[Saved entries]
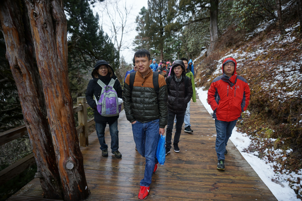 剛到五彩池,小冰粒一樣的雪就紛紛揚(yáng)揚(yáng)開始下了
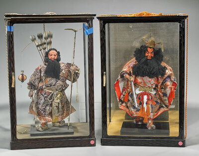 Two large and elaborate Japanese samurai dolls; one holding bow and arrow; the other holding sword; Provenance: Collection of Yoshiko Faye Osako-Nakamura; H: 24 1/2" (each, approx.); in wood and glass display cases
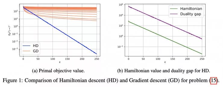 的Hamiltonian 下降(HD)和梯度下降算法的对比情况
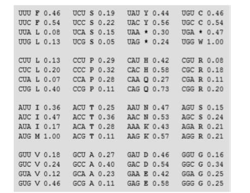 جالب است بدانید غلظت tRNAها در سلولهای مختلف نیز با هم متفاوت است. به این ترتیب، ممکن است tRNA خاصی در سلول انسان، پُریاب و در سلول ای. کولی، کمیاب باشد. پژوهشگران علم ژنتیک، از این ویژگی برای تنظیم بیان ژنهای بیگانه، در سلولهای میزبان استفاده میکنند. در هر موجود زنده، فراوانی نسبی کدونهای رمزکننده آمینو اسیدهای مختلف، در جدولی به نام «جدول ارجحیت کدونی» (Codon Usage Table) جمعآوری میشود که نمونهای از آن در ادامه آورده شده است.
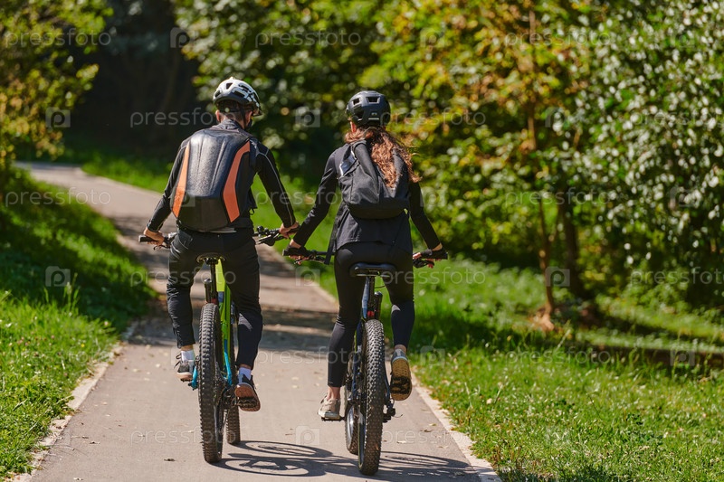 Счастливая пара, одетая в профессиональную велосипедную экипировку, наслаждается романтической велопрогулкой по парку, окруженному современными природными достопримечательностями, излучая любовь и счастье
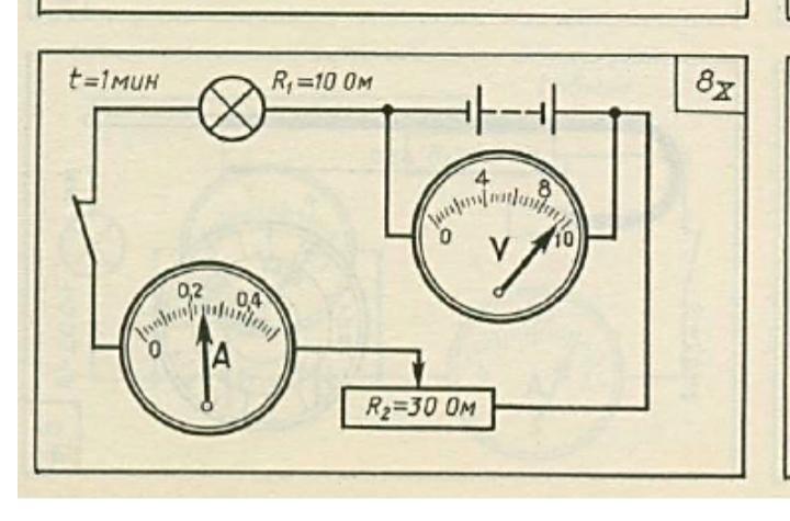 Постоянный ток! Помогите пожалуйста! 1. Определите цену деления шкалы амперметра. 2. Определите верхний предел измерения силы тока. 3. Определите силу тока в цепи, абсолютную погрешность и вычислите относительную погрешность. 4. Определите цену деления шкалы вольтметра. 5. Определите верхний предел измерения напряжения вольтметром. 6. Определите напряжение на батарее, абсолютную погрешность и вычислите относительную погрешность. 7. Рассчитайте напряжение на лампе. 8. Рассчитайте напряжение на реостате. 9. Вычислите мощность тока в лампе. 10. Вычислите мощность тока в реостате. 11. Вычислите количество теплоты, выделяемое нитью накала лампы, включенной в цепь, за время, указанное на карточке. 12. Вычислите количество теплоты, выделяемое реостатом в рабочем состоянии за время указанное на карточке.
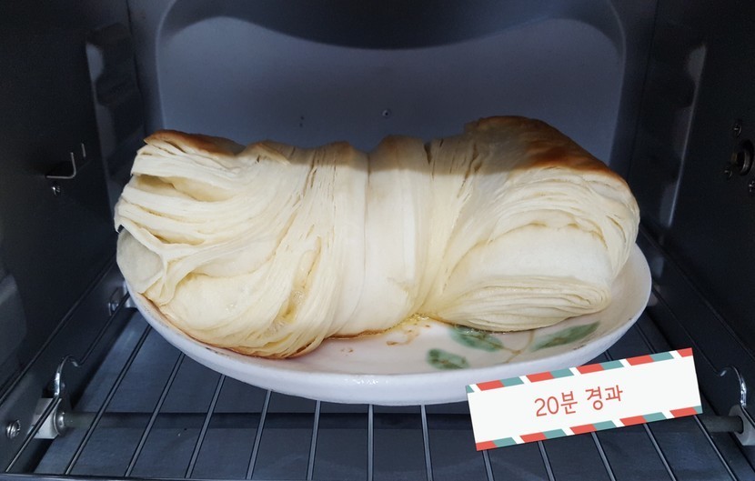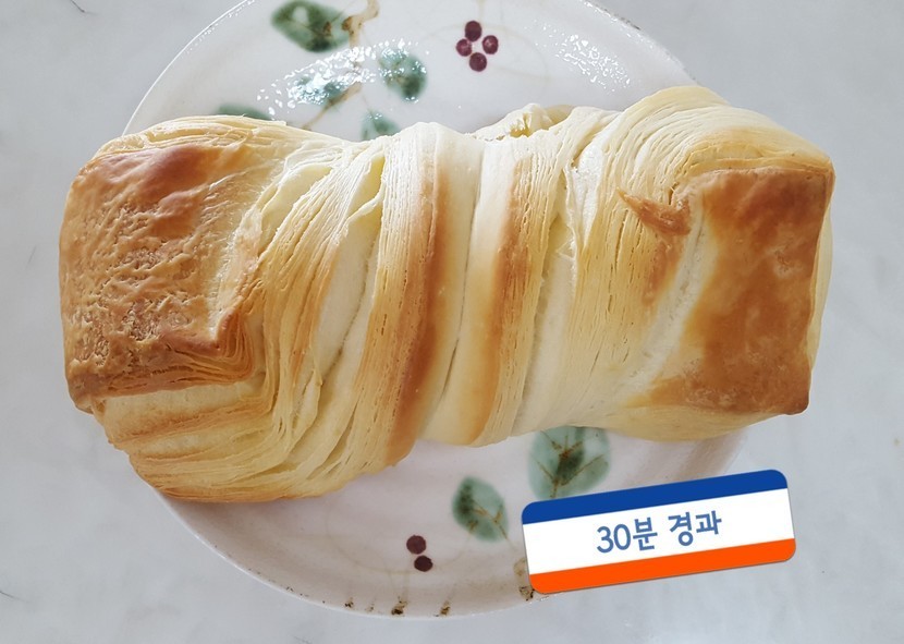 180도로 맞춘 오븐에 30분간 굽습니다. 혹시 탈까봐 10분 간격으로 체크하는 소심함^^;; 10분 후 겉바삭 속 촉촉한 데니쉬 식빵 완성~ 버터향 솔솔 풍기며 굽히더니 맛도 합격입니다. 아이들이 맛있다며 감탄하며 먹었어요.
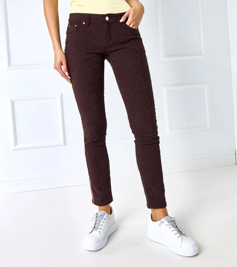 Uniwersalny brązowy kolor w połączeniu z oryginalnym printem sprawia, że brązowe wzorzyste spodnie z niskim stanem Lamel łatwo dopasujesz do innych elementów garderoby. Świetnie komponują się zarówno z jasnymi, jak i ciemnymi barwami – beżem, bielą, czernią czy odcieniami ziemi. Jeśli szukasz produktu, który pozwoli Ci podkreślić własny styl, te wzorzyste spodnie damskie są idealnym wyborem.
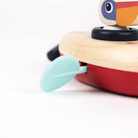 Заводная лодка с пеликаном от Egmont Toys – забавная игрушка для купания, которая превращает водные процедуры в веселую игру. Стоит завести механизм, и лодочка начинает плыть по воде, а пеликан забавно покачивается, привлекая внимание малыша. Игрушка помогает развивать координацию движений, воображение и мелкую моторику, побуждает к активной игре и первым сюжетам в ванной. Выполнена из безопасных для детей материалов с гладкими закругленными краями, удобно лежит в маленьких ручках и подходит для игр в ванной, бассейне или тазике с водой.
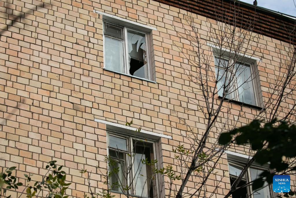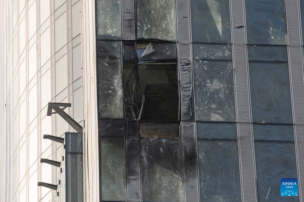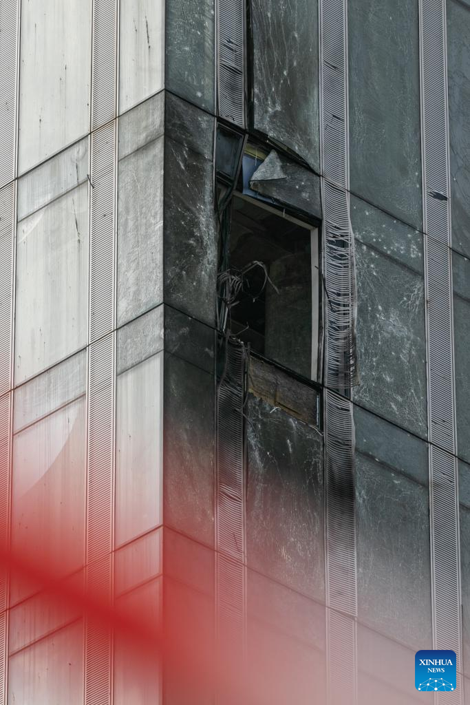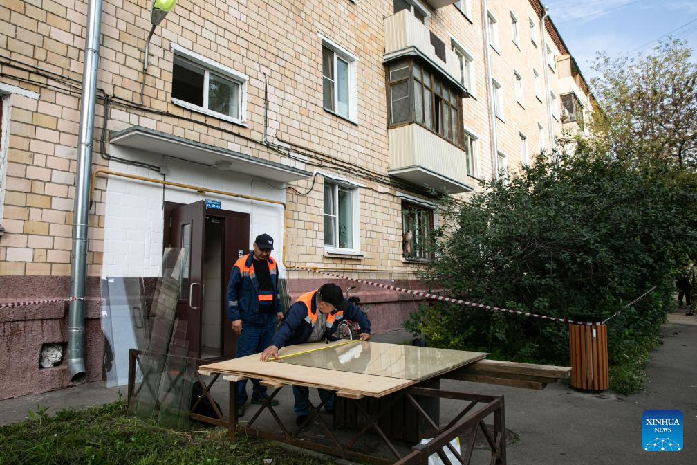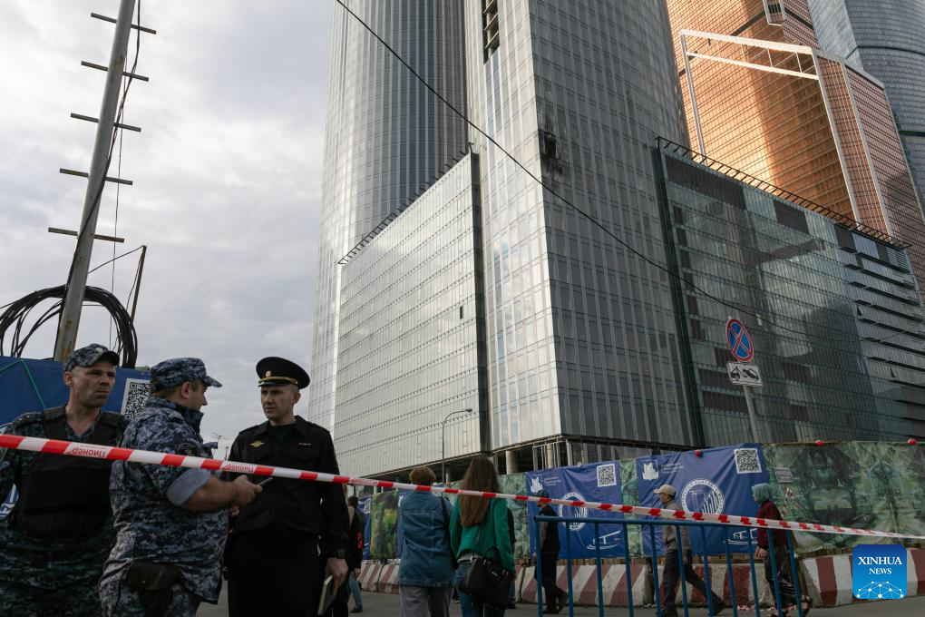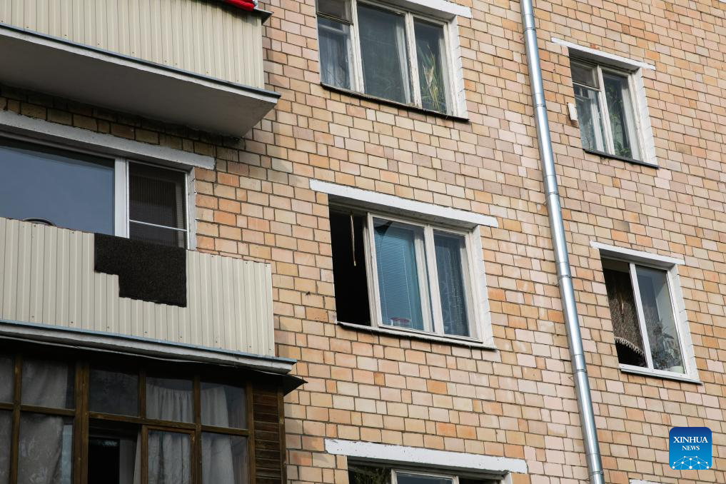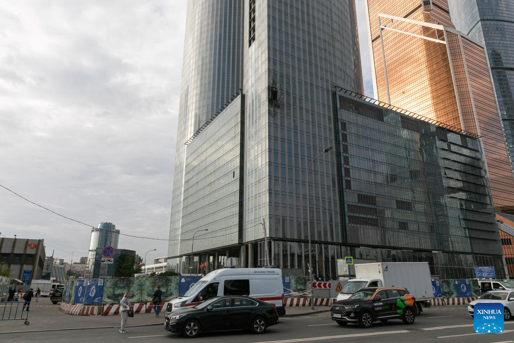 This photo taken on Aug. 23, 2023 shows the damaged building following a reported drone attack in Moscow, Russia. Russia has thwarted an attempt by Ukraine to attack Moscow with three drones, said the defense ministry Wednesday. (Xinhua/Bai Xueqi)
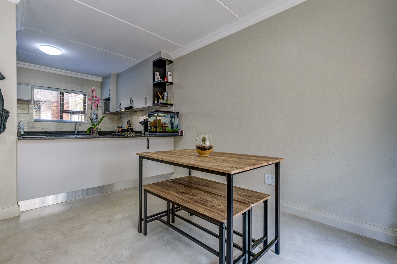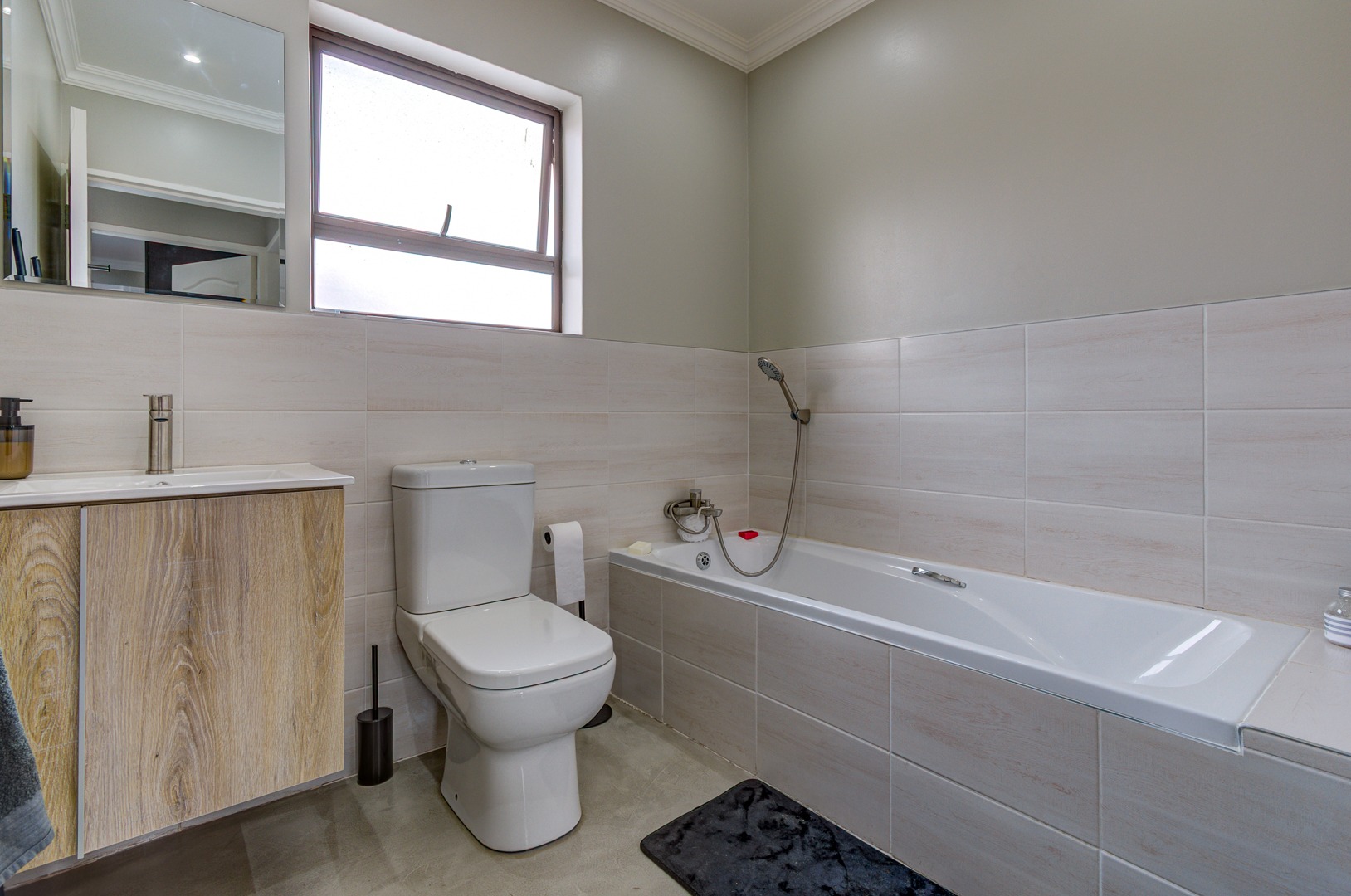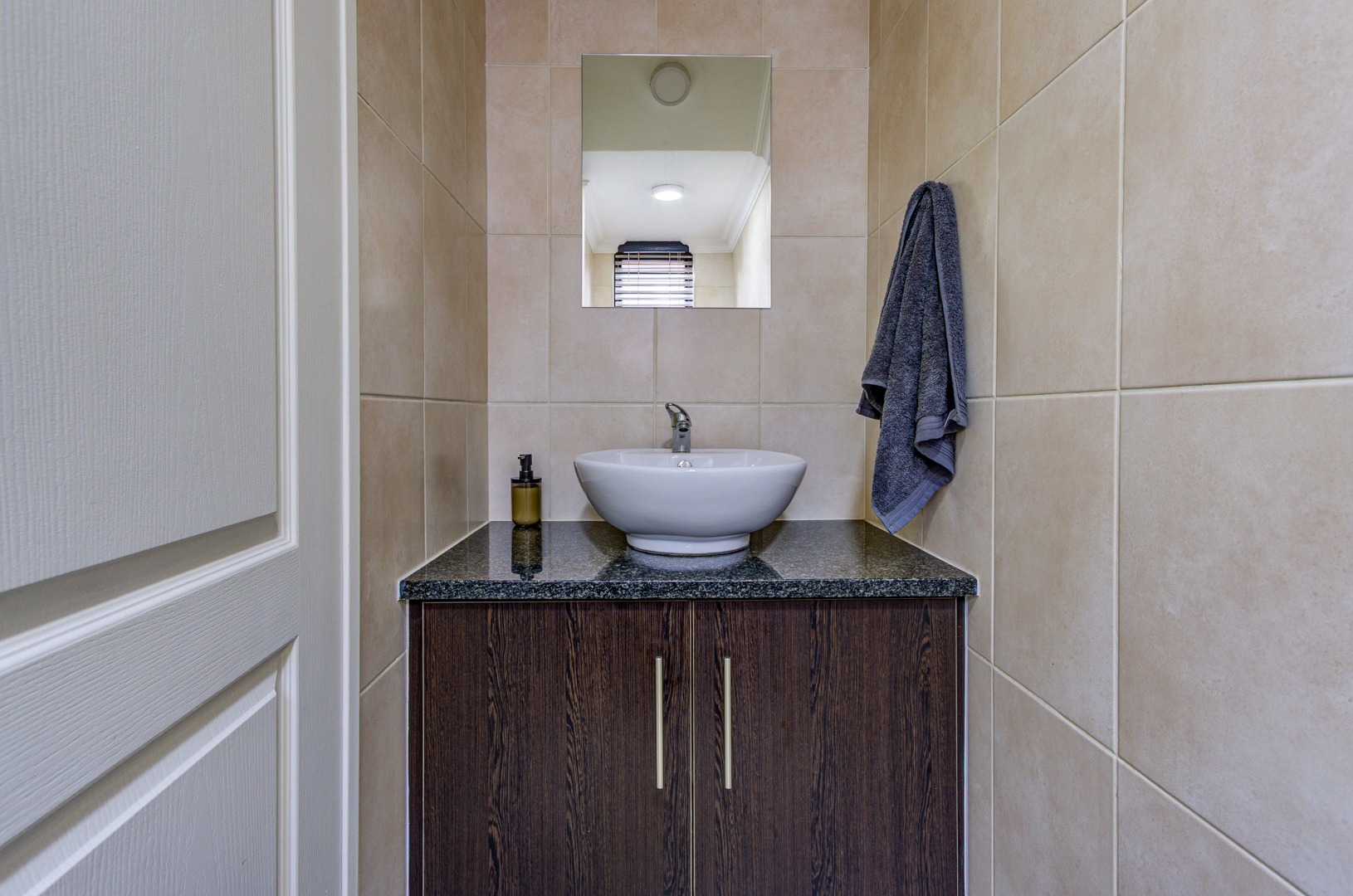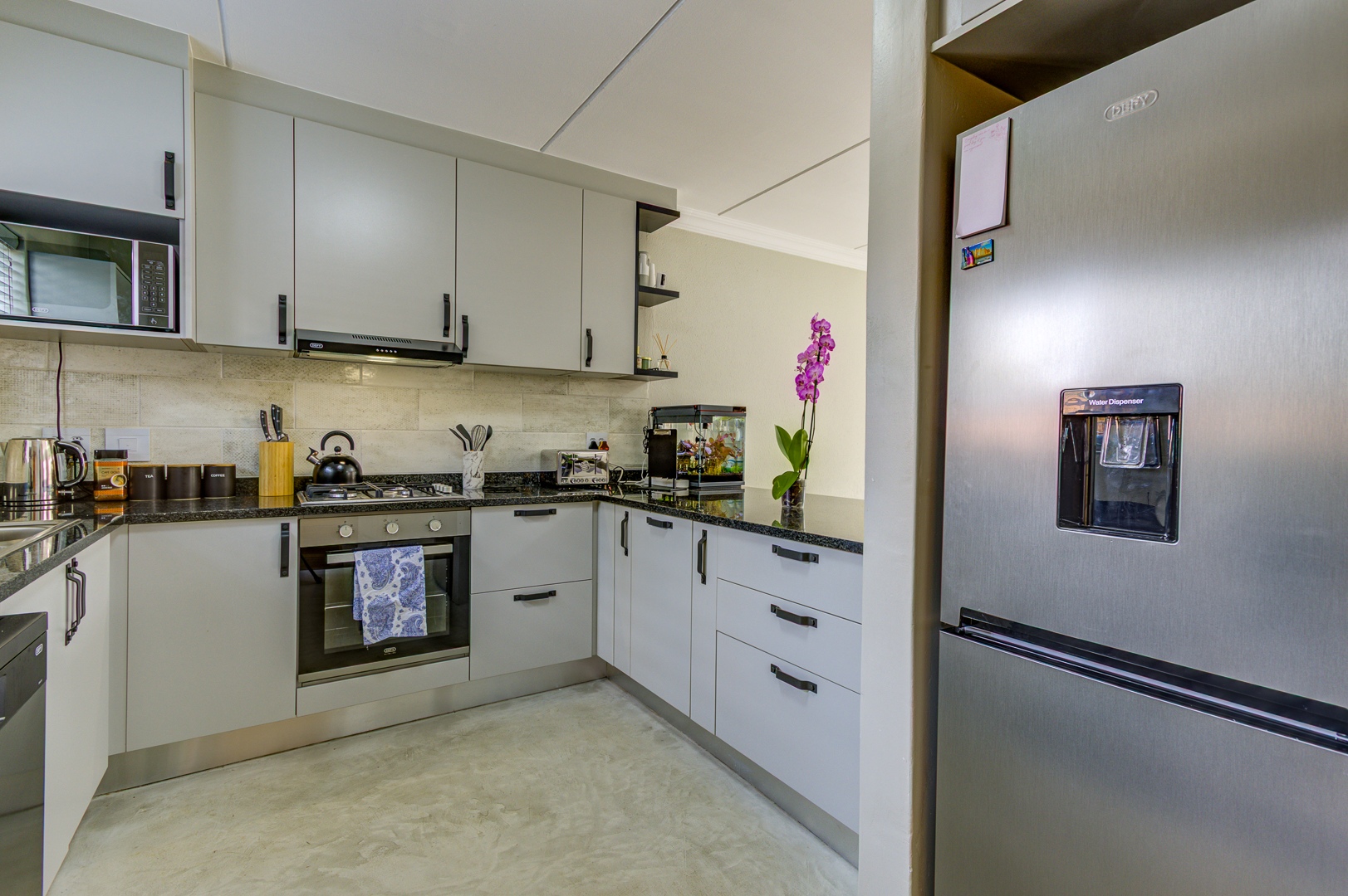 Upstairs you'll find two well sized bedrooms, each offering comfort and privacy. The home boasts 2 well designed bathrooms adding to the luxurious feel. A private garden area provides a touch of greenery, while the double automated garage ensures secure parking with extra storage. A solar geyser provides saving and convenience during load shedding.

◆ **Requirement**:
Output the lines, exactly: the first line of the entries above, every line after it, and the line with "的Hamiltonian 下降(HD)和梯度下降算法的对比情况" as the last. No pictures.

◆ **Solution to this problem**:
 剛到五彩池,小冰粒一樣的雪就紛紛揚(yáng)揚(yáng)開始下了
 Two large and elaborate Japanese samurai dolls; one holding bow and arrow; the other holding sword; Provenance: Collection of Yoshiko Faye Osako-Nakamura; H: 24 1/2" (each, approx.); in wood and glass display cases
 的Hamiltonian 下降(HD)和梯度下降算法的对比情况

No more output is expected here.